Все это мне было — нож острый! Толстой всегда жил и живет в моем ощущении не только как первый, но как единственный художник мира, которому веришь, как самой Жизни! Осязаешь его вещи, видишь — свою же душу… Но идти к нему в дом, на него «смотреть», заведомо ему досаждая, казалось нестерпимо.
Случай устроил, однако, все к лучшему.
Утром я не застал дома графа Льва Николаевича. Возвращаясь на извозчике, увидел его в двух шагах от себя, идущим по улице, почувствовал на себе острый, проникающий «на три аршина в землю под тобой» взгляд… Смутился, рад был, что проехал мимо; решил «зайти лучше вечером».
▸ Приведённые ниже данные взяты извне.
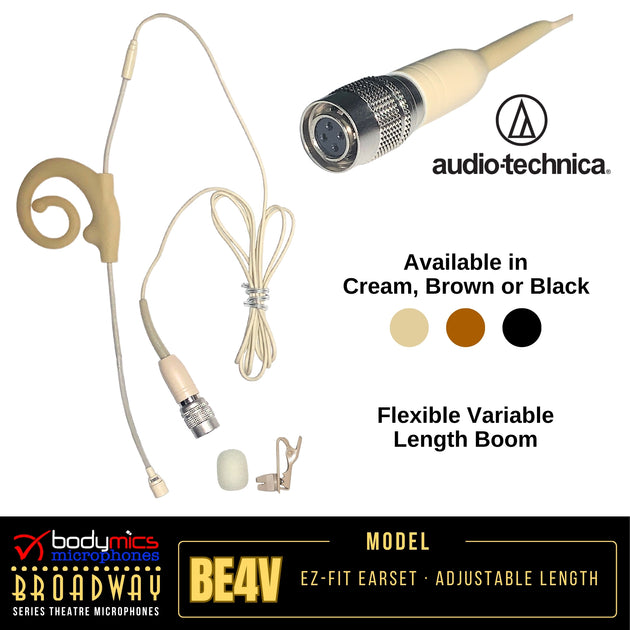 (A2) BE4V-ATcW for Audio-Technica (AT) 3/16" Omni Flexible Adjustable Length Boom Earset Mic - Cream or Black Fixed Cable (Bodymics Broadway)

А вечером — лакей во фраке, открывший на звонок в дверь, проводил меня в небольшую боковую комнату, где Толстой, зябко кутаясь в темный плед, на диване, диктовал или говорил что-то — невидимой для меня в первое время секретарше.
И тут — добрый гений, не раз вороживший мне в ту, первую половину жизни, спас меня из безвыходного, казалось, положения. Изумленное, оживленное восклицание секретарши, радостно назвавшей меня по имени.